The city of Halle’s motto is “take some time and look closely”. Located on the banks of the Saale river, this city of culture and science is more than 1,200 years old and offers its visitors many cultural highlights. With 230,000 inhabitants, Halle is the largest city in Saxony-Anhalt and is the state’s cultural capital.

A city founded on salt.

The city’s name comes from the Celtic word “hall” which roughly translates to “place of salt preparation”. In Mediaeval times the salt springs were the basis of the city’s wealth. The world’s oldest guild “Salzwirker-Brüderschaft im Thale zu Halle” still boils salt in the former “royal saltworks” according to ancient traditions. Halle’s historical city centre, which is nearly completely intact, contains restored historical townhouses, old churches, parks, vibrant pub miles and picturesque stretches along the Saale river. The Castle Ruins of Burg Giebichenstein and the Moritzburg Foundation - State Art Museum mean that Halle is home to the oldest and the youngest castles on the Saale river.

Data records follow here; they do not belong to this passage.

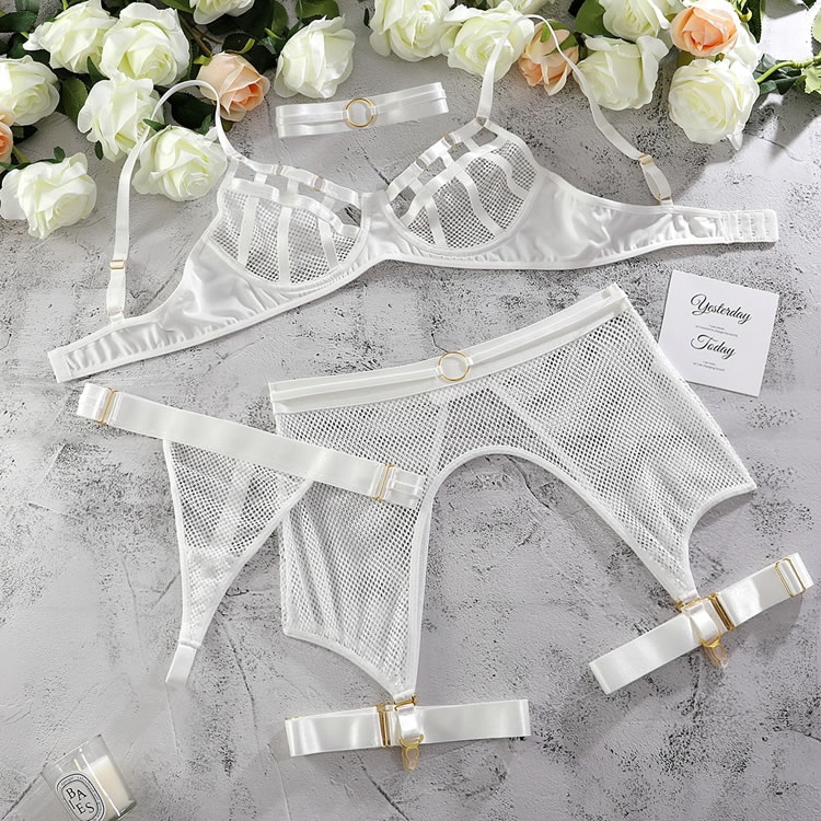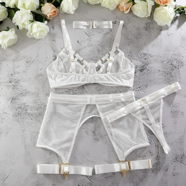 Underwire Bra, Garter Belt, Panty, Wraparound Leg Garters, Choker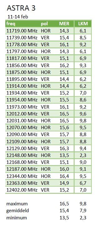 Old Satterhand Geplaatst: 23 februari 2023 Geplaatst: 23 februari 2023 (aangepast) Het gekke is dat de zenders die je niet goed ontvangt niet eens op de zwakste transponders staan. Het betreft de 12090V en 12129V. Op onderstaand lijstje kun je zien wat de ontvangst van Astra 3 transponders zou kunnen zijn op een goed afgestelde 80 cm schotel. Dat zal voor jou wellicht niet haalbaar kunnen zijn, maar geeft wel een goede indicatie. De 12148H betreft een 16APSK data transponder, die kan je niet ontvangen. Om nou niet te veel overhoop te halen, zou ik de LNB gewoon met een smartphone op 6 graden rechtsom afstellen. Dat is echt de grootste winst die je in deze situatie kunt bereiken. Het heeft weinig zin om de LNB anders te monteren. Het maakt voor zo'n grote schotel hooguit een paar tiende dB uit. MER = Signaal kwaliteit LKM = LinkMargin, regenreserve 23 februari 2023 aangepast door Old Satterhand typo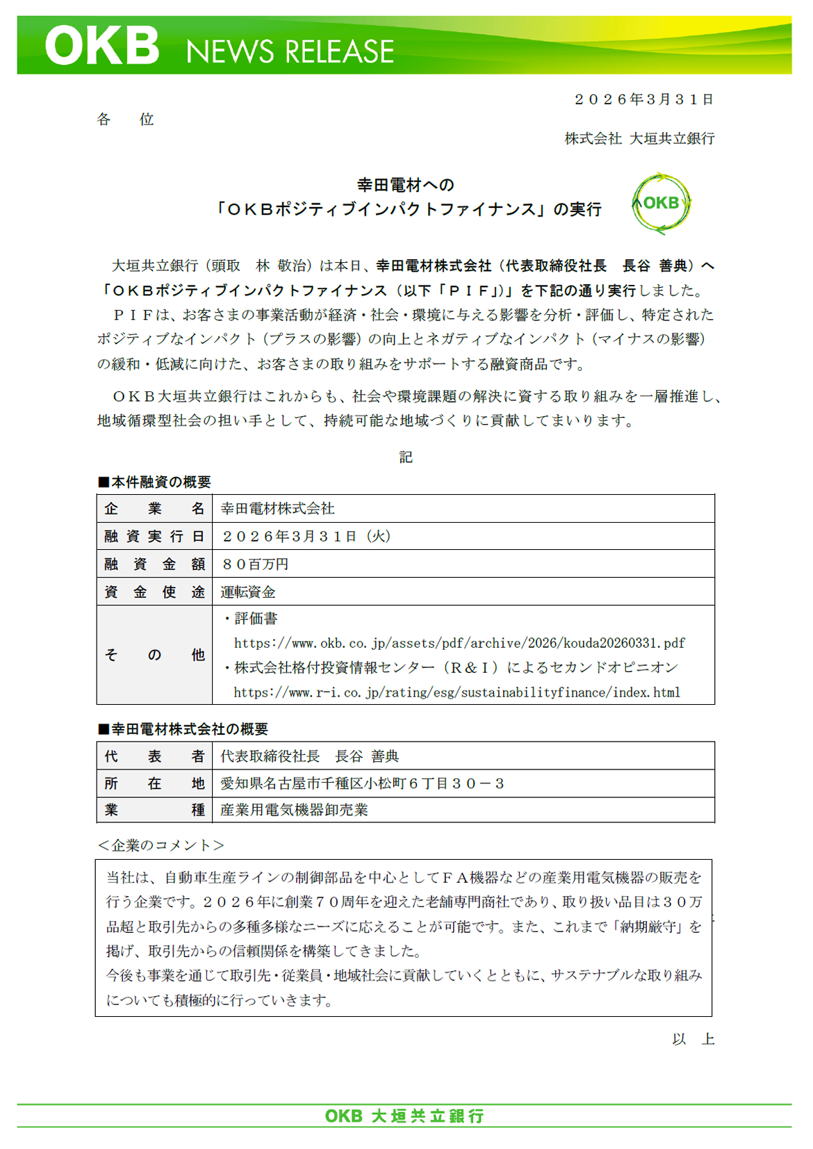 幸田電材への「OKBポジティブインパクトファイナンス」の実行

The former orphanage and school of the Francke Foundations form a cultural and science cosmos to rival any in Europe. Located in the largest group of half-timbered buildings in Europe, the Francke Foundations are home to a unique collection of art and curiosities, a baroque-style backdrop library, and the oldest secular boys’ choir in Germany: the “Stadtsingechor zu Halle”.

The original death mask of the Reformer Martin Luther and prints of his hands are on display at the Market Church. The neighbouring Library of Our Lady is regarded as the oldest protestant church library in Germany, housing valuable objects and manuscripts from the Reformation period. 

Halle is a city of music, theatre and art. Thousands of visitors are attracted to the city by its international Handel Festival, five theatre and opera stages, the state orchestra and more than 60 cultural institutions with numerous galleries and meeting places for artists. Halle is also home to Martin Luther University, a 500-year-old institution steeped in tradition, the German Federal Cultural Foundation, and the Leopoldina – the only German National Academy of Sciences. The famous, 3,600-year-old Nebra Sky Disk, one of the most important finds of the Bronze Age, is also on display in Halle. Halle entices you with “art of the chocolatier”, produced in the oldest chocolate factory in Germany.